The man page does not seem to specify how this is done. I am confused particularly because of this line from here: The argv[] and envp[] arrays of pointers and the strings to which those arrays point shall not be modified by a call to one of the exec functions, except as a consequence of replacing the process image.

Are the argument arrays copied somewhere before the process image is replaced? That line seems to imply that they are always modified because the process image is always replaced.

I see that the document also says the following: The statement about argv[] and envp[] being constants is included to make explicit to future writers of language bindings that these objects are completely constant.

I feel like this could help my understanding but I'm not entirely sure exactly what they are saying is constant here.

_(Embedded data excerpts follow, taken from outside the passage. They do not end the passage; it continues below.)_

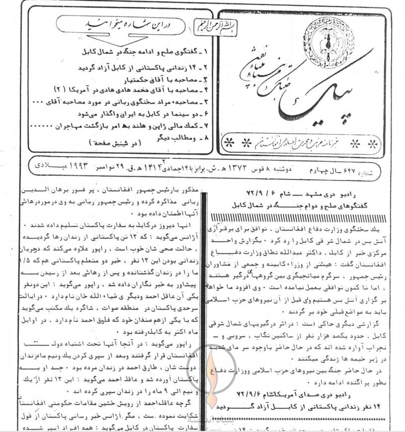 1- گفتگوی صلح و ادامه جنگ در شمال کابل
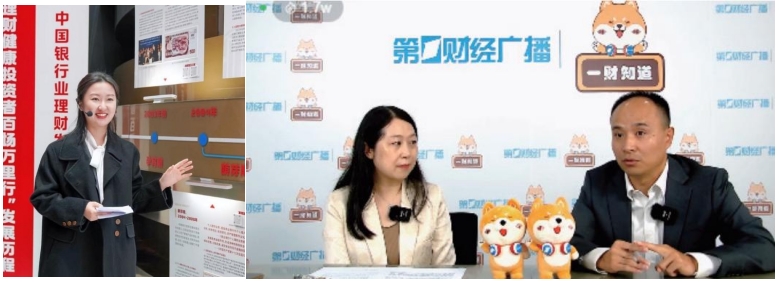 左图:讲解团讲解《中国银行业理财发展史》,右图:媒体合作投教—直播课程《理财课堂》直播
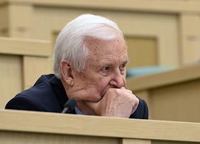 The last plenary session of the spring session of the Federation Council of Russia. Valery Ryazansky (left) Chairman of the Russian Federation Council Committee for Social Policy before the meeting.
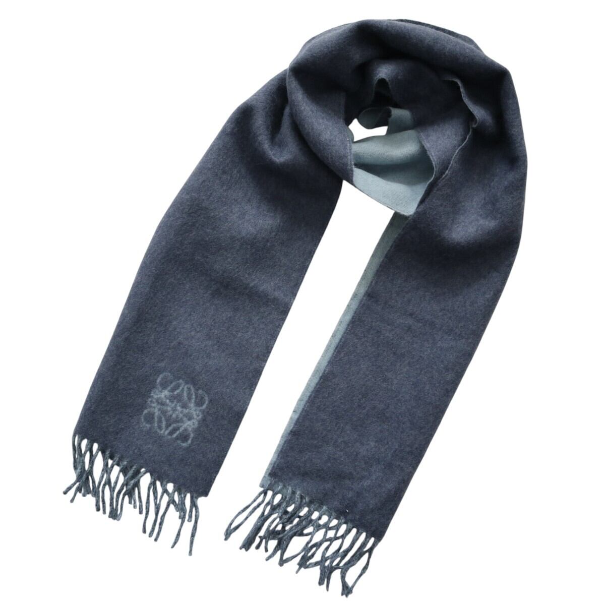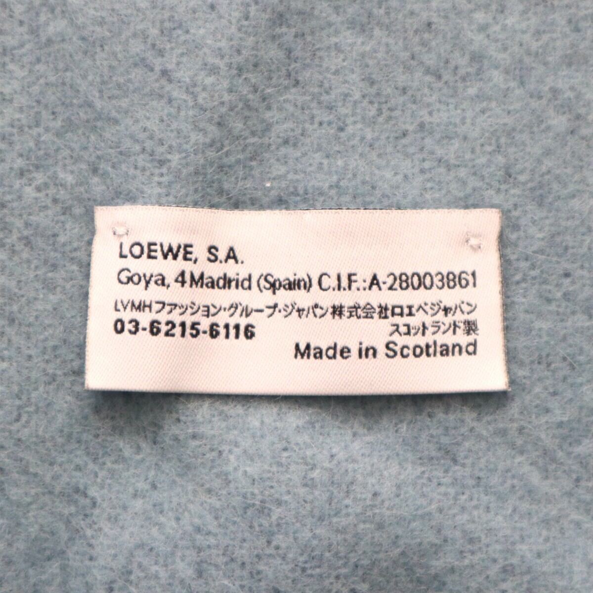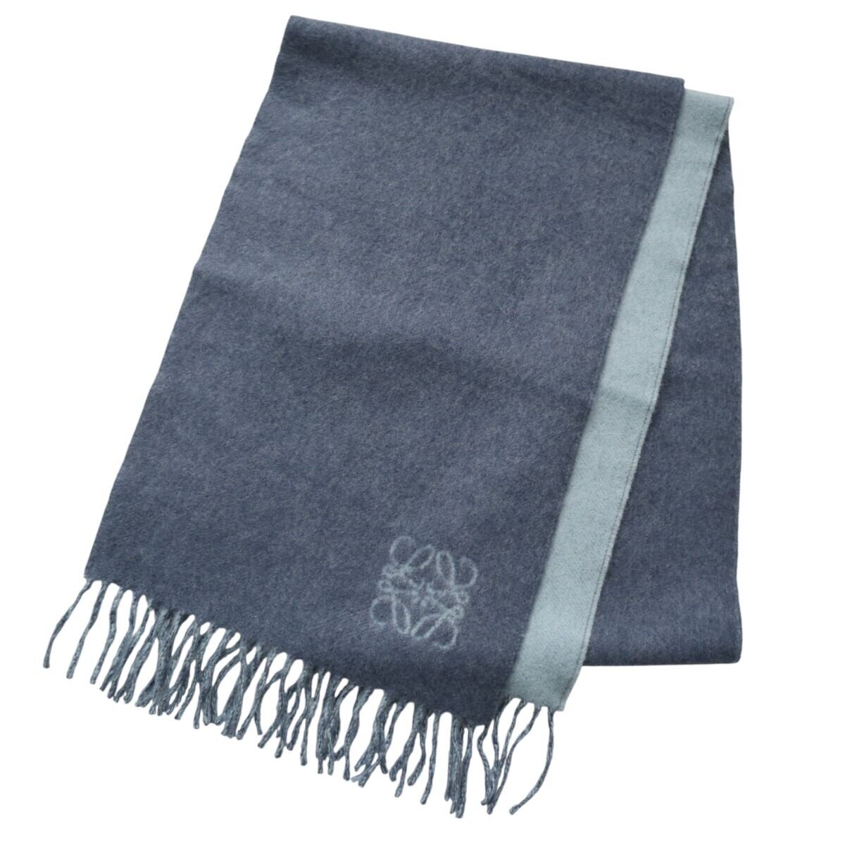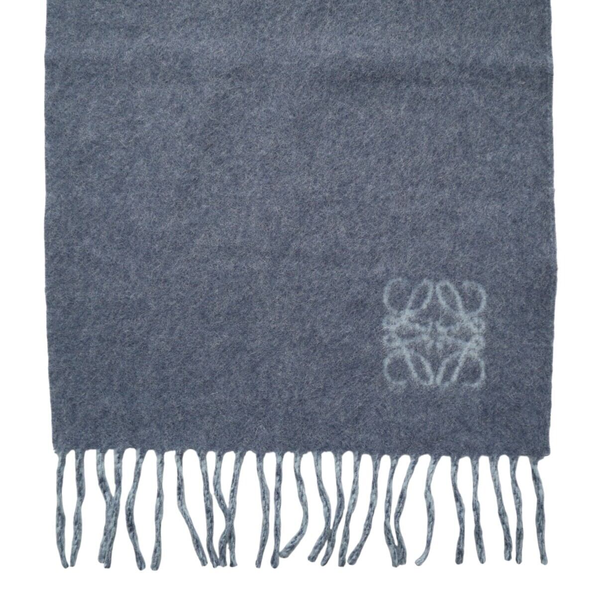美品 LOEWE ロエベ アナグラムロゴ フリンジ ウール/アンゴラ マフラー ブルー K2601-k004NP

In addition I would like to know why it is good or bad to cast the constant c_str() from std::string to pass to execvp() in the argv.

Thanks.

CodePudding user response:

exec() functions can fail, and return an error indication. This occurs in the calling process, and the calling process continues to run. In this case, exec() simply fails, just like any other system call, like open() or read() can fail. It's just a failed system call.

All that what you quoted means is that in this event the strings that were passed into exec() do not get modified. Upon return from exec() their content remains unaltered by the exec() call itself.

That line seems to imply that they are always modified because the process image is always replaced

No, the process image is not always replaced. If you pass in a pathname to exec() which does not exist, it should be apparent that it can't possibly be replaced by anything, and an error gets returned.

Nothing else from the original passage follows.